Work request: Nothing but the pictures gets dropped; retype every entry exactly.

Record set:
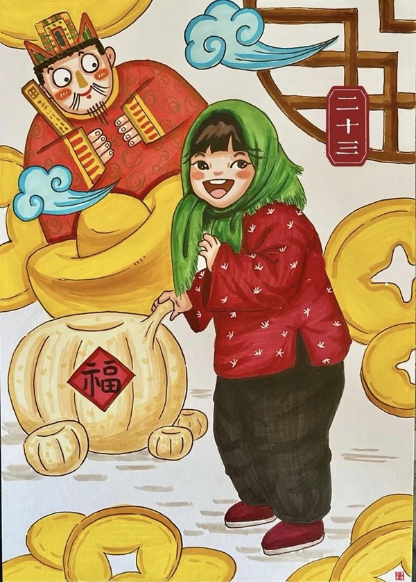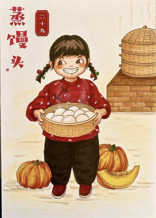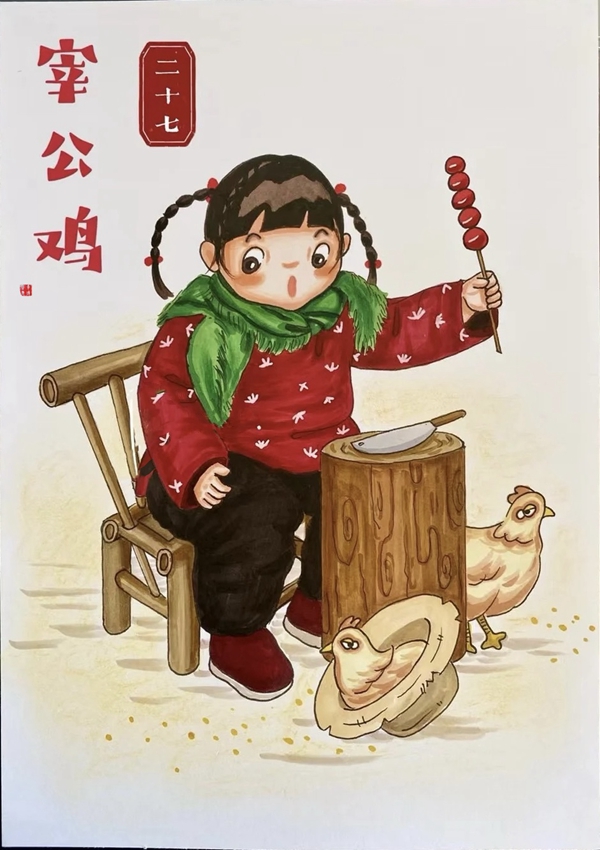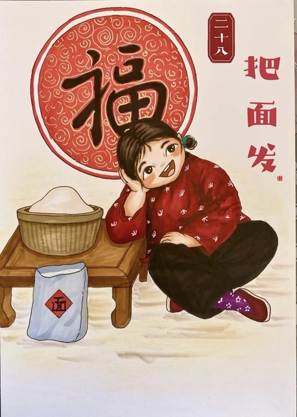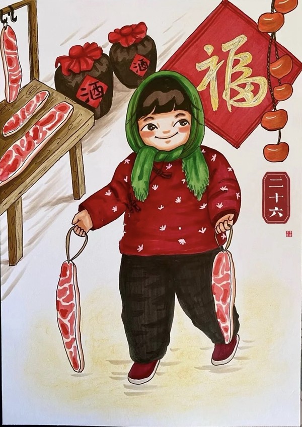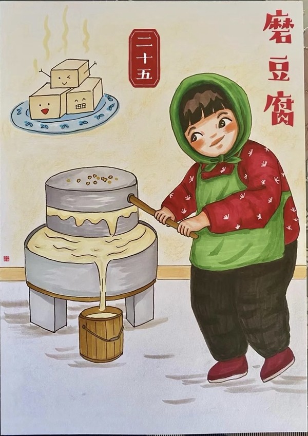 小孩兒小孩兒你別饞,過了臘八就是年;臘八粥,喝幾天,哩哩啦啦二十三;二十三,糖瓜粘;二十四,掃房子;二十五,磨豆腐;二十六,去買肉;二十七,宰公雞;二十八,把面發(fā);二十九,蒸饅頭;三十晚上熬一宿,歡天喜地過大年。
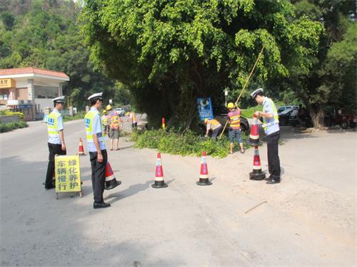 进入盛夏,道路两旁的绿化带变得郁郁葱葱,一些浓密的树枝遮挡了部分的交通标识牌、信号灯,给交通安全埋下隐患。为给群众打造安全、和谐道路,万秀大队积极配合市园林绿化部门对辖区多个路口、路段存在的遮挡交通设施、阻挡驾驶员和行人视线的树木进行修剪,切实消除道路安全隐患。
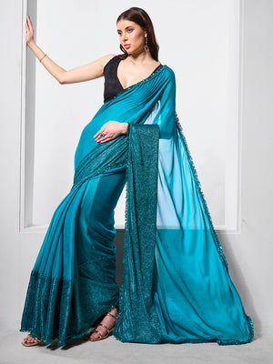 • Teal Poly Chiffon Festival Saree With Blouse Piece
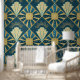 Pintado Papel tapiz de diseño Art Deco Verde azulado y Gol
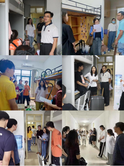 学院领导、各系主任、新生专业导师、新生辅导员以及新生班助走访新生宿舍,亲切的与新生交谈,谈及他们的宿舍生活,给予关怀,帮助他们更好的适应新环境新生活。
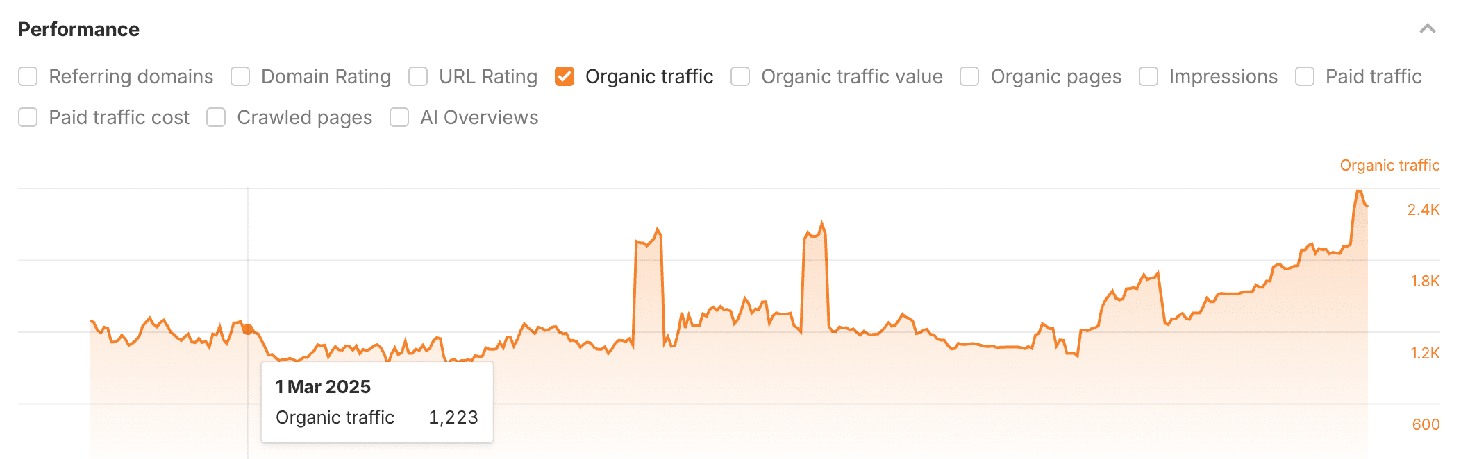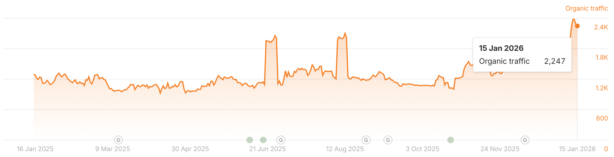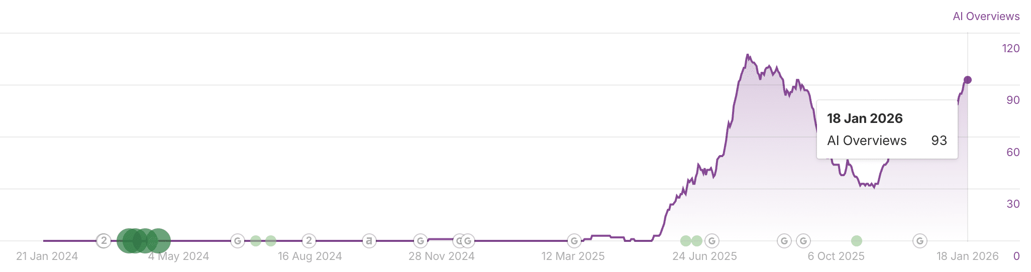 הגדלת הנראות באה לידי ביטוי גם בתוצאות הרגילות, אך גם ב-AI Overview של גוגל. בתחילת הדרך, האתר לא היה מוצג כלל ב-AI Overview (אם כי חשוב לדייק שהפיצ׳ר עצמו נכנס לישראל לקראת סוף מאי 25). אפשר לראות את השיפור בכמות ההופעות ב-AI Overview לאורך הדרך, כאשר כיום האתר מופיע בלפחות ב-93 שאילתות שונות בתוצאות ה-AI Overview.
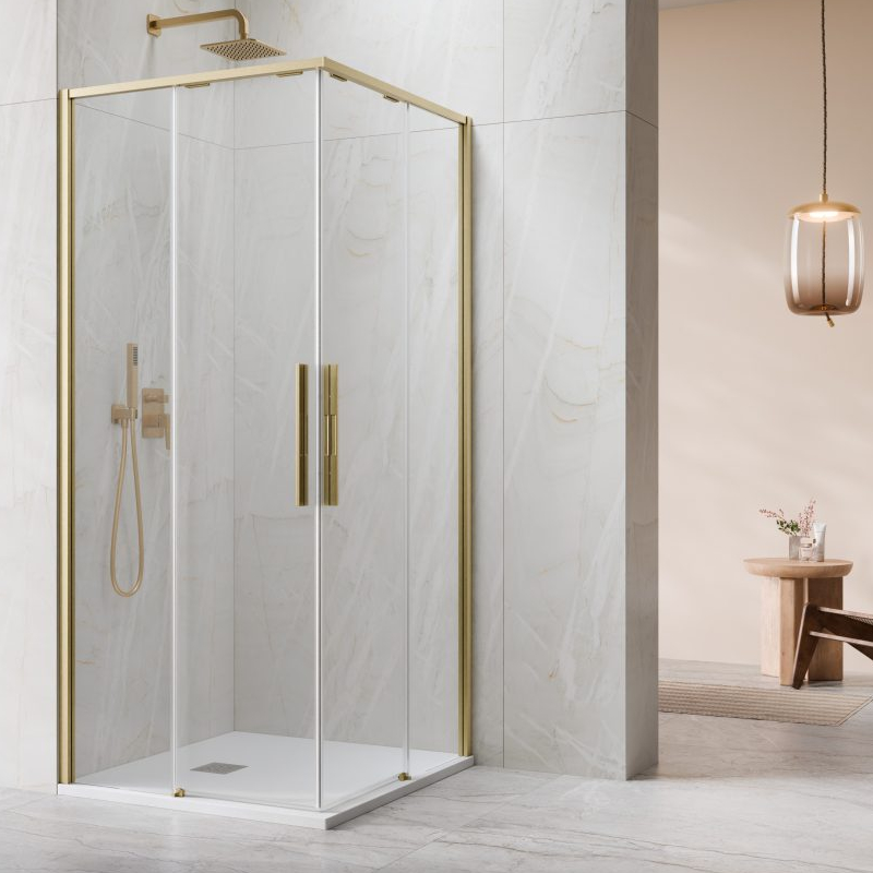 Vixor Tiso 6 Lite CG2 Kabina prysznicowa prostokątna złoty szczotkowany 80x100 cm (N14-21080-99-01L+N14-21100-99-01R)

Result:
 小孩兒小孩兒你別饞,過了臘八就是年;臘八粥,喝幾天,哩哩啦啦二十三;二十三,糖瓜粘;二十四,掃房子;二十五,磨豆腐;二十六,去買肉;二十七,宰公雞;二十八,把面發(fā);二十九,蒸饅頭;三十晚上熬一宿,歡天喜地過大年。
 进入盛夏,道路两旁的绿化带变得郁郁葱葱,一些浓密的树枝遮挡了部分的交通标识牌、信号灯,给交通安全埋下隐患。为给群众打造安全、和谐道路,万秀大队积极配合市园林绿化部门对辖区多个路口、路段存在的遮挡交通设施、阻挡驾驶员和行人视线的树木进行修剪,切实消除道路安全隐患。
 • Teal Poly Chiffon Festival Saree With Blouse Piece
 Pintado Papel tapiz de diseño Art Deco Verde azulado y Gol
 学院领导、各系主任、新生专业导师、新生辅导员以及新生班助走访新生宿舍,亲切的与新生交谈,谈及他们的宿舍生活,给予关怀,帮助他们更好的适应新环境新生活。
 הגדלת הנראות באה לידי ביטוי גם בתוצאות הרגילות, אך גם ב-AI Overview של גוגל. בתחילת הדרך, האתר לא היה מוצג כלל ב-AI Overview (אם כי חשוב לדייק שהפיצ׳ר עצמו נכנס לישראל לקראת סוף מאי 25). אפשר לראות את השיפור בכמות ההופעות ב-AI Overview לאורך הדרך, כאשר כיום האתר מופיע בלפחות ב-93 שאילתות שונות בתוצאות ה-AI Overview.
 Vixor Tiso 6 Lite CG2 Kabina prysznicowa prostokątna złoty szczotkowany 80x100 cm (N14-21080-99-01L+N14-21100-99-01R)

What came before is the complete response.